New Fees – 15% increase: The USPTO has announced new fees that will become effective on September 26, 2011. These fees represent an across-the-board 15% increase for almost all PTO fees. The effective date of the fees will be applied based upon the associated underlying filing date. Thus, a new application properly filed by Express Mail on September 25, 2011 will be charged under the old regime even if it does not arrive at the USPTO until September 26. Likewise, for most other responses, the date of the certificate of mailing will be used to calculate the fees due. [Link]
New Fees – Micro Entity: A new micro entity status has been created by the AIA that provides for a 75% discount on fees for certain applicants (including universities with operating budgets of more than $1 billion). However, the USPTO has announced that the micro entity status will only become effective after it implements final regulations on the topic.

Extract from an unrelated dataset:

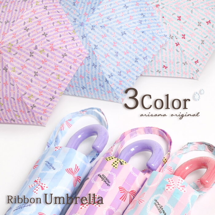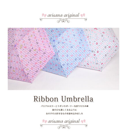 [rain/recommend][coord/12ah05-3][coord/18ah06-2][ss10off_rain][ribbonstripe_tag]もっと見る もっと見る もっと見る 【アリサナオリジナル】リボン柄 折りたたみ傘ワンサイズ 開けばしっかり大きい直径96cm/指を挟まない安全設計/3段/押すタイプ(手動) アリサナオリジナルのパステルカラー。

Inter Partes Reexamination: Already effective is a new standard for initiating an inter partes reexamination. The new standard requires a showing that there is a reasonable likelihood that the requester will prevail with respect to at least one of the patent claims challenged in the request. This is a stricter standard that the old requirement of a substantial new question of patentability. The standard for ex parte reexamination remains unchanged. In one year (on September 16, 2012), the USPTO will stop accepting inter partes reexamination requests and instead move to the new inter partes review procedure. The new review proceeding will be conducted before the new Patent Trial and Appeal Board rather than before an examiner. At the one-year anniversary, new post-grant review proceedings, transitional business method review proceedings, and supplemental examination proceedings will also be implemented.
Tax Strategies: As part of the AIA, all tax strategies have been deemed to be within the prior art and therefore a tax strategy cannot be used to distinguish the claimed invention from the prior art. There are some limits so that developers of certain software can still obtain patents. This provision applies to any application now pending or yet to be filed. In his memo to examiners, Robert Bahr indicated that examiners should treat tax strategy limitations in the same way that printed matter limitations are treated under MPEP 2112.01 (III).
Human Organisms: The USPTO has taken the position that the ban on the patenting of human organisms does not change its longstanding policy in any way. Thus, under the rule a claim is not patentable if, when interpreted as a whole, it "encompasses a human being."